If you have not created/initialized the africai conda environment, run in a terminal from the parent  directory *model_development_1_data*:  
> conda env create -f africai.yml  
> conda activate africai

*Other useful commands*:  
To deactivate a conda environment 
> conda deactivate

To delete a conda environment (e.g. africai conda environment, replace *ENV_NAME* with *africai*)
> conda remove --name *ENV_NAME* --all 

### Install [Advanced Normalization Tools](http://stnava.github.io/ANTs/) (ants) 
In a terminal run, for MacOS:  
> pip install https://github.com/ANTsX/ANTsPy/releases/download/v0.3.8/antspyx-0.3.8-cp310-cp310-macosx_10_9_x86_64.whl  

For Linux:
> pip install https://github.com/ANTsX/ANTsPy/releases/download/v0.3.8/antspyx-0.3.8-cp310-cp310-manylinux_2_17_x86_64.manylinux2014_x86_64.whl  

For Windows:
> pip install https://github.com/ANTsX/ANTsPy/releases/download/v0.3.8/antspyx-0.3.8-cp310-cp310-win_amd64.whl


### Install rest dependencies
Running the following cell will install the rest necessary libraries.

In [None]:
%%capture

!pip install matplotlib
!pip install scikit-image
!pip install simplejson
!pip install pydicom
!pip install dicom2nifti
!pip install nipype
!pip install h5py

In [None]:
import matplotlib.pyplot as plt
import os
from pathlib import Path
import numpy as np
import pydicom
import shutil as shutil
import dicom2nifti
import nibabel as nib
import h5py
import re
from skimage import exposure
from zipfile import ZipFile
from pathlib import Path
from IPython.display import HTML, display
import ants


def set_css():
    display(
        HTML(
            """
  <style>
    pre {
        white-space: pre-wrap;
    }
  </style>
  """
        )
    )


get_ipython().events.register("pre_run_cell", set_css)

## **Downloading the data**
Running this cell will download the data for this demo.

In [None]:
data_dir = os.path.join(os.path.dirname(os.getcwd()), "data")
Path(data_dir).mkdir(parents=True, exist_ok=True)
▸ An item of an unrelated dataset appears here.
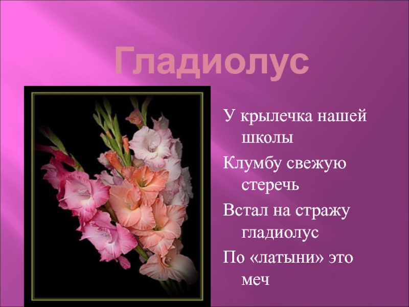 ГладиолусУ крылечка нашей школыКлумбу свежую стеречьВстал на стражу гладиолусПо «латыни» это меч

!wget -P {data_dir} -q https://github.com/RSNA/AI-Deep-Learning-Lab-2022/raw/main/sessions/data-curation/Sample_DICOM.zip

file_name = os.path.join(data_dir, "Sample_DICOM.zip")
with ZipFile(file_name, "r") as zip:
    zip.extractall(data_dir)
    print("Input data file unzipped!")

## **Listing the data files**
Running this cell will show you the directory structure for the provided sample prostate MRI data. We have three folders, each of which contains a series of files for T2 weighted imaging (T2WI), diffusion weighted imaging (DWI) and an ADC map (ADC). (Note: that the lesion.nii.gz is a backup file provided for the demo)

This data has been directly exported from PACS in the DICOM format. This data can be loaded into a DICOM viewer to be visualized. A free option available to Mac OS users is Osirix Lite.



In [None]:
dcm_sample_path = os.path.join(data_dir, "Sample_DICOM")

# Command line "magic" command to show directory contents
if os.name == "nt":
    !dir {dcm_sample_path}
else:
    !ls {dcm_sample_path}/**/*


for current_dir, subdirs, files1 in os.walk(dcm_sample_path):
    # Current Iteration Directory
    print(current_dir)

    # Directories
    for dirname in subdirs:
        print("\t" + dirname)

    # Files
    for filename in files1:
        print("\t" + filename)

## **Preparing the data for annotation and further processing**

DICOM files are not always a convenient format to work with for deep learning. The first step that we will take will be conversion of our DICOM files to [nifti](https://nifti.nimh.nih.gov/), an open source image file format that has good interoperability between many available image processing tools and packages. 

### **Conversion to nifti file format**
Run this cell to convert our DICOM files to nifti files. Each folder of DICOM files (a series) will be converted into a nifti file

In [None]:
niftipath = os.path.join(dcm_sample_path, "nifti")
os.makedirs(niftipath, exist_ok=True)

for series in ["T2", "DWI", "ADC"]:
    dicom2nifti.dicom_series_to_nifti(
        os.path.join(dcm_sample_path, series),
        os.path.join(niftipath, (series + ".nii")),
        reorient_nifti=True,
    )
print("Data converted!")

### **Visualizing the data**

There are many options for image visualization and annotation. Two easy and versatile open source tools are [**Mango**](https://mangoviewer.com/) and [**itk-SNAP**](http://www.itksnap.org). There are versions for windows, macOS and linux available to download and install. 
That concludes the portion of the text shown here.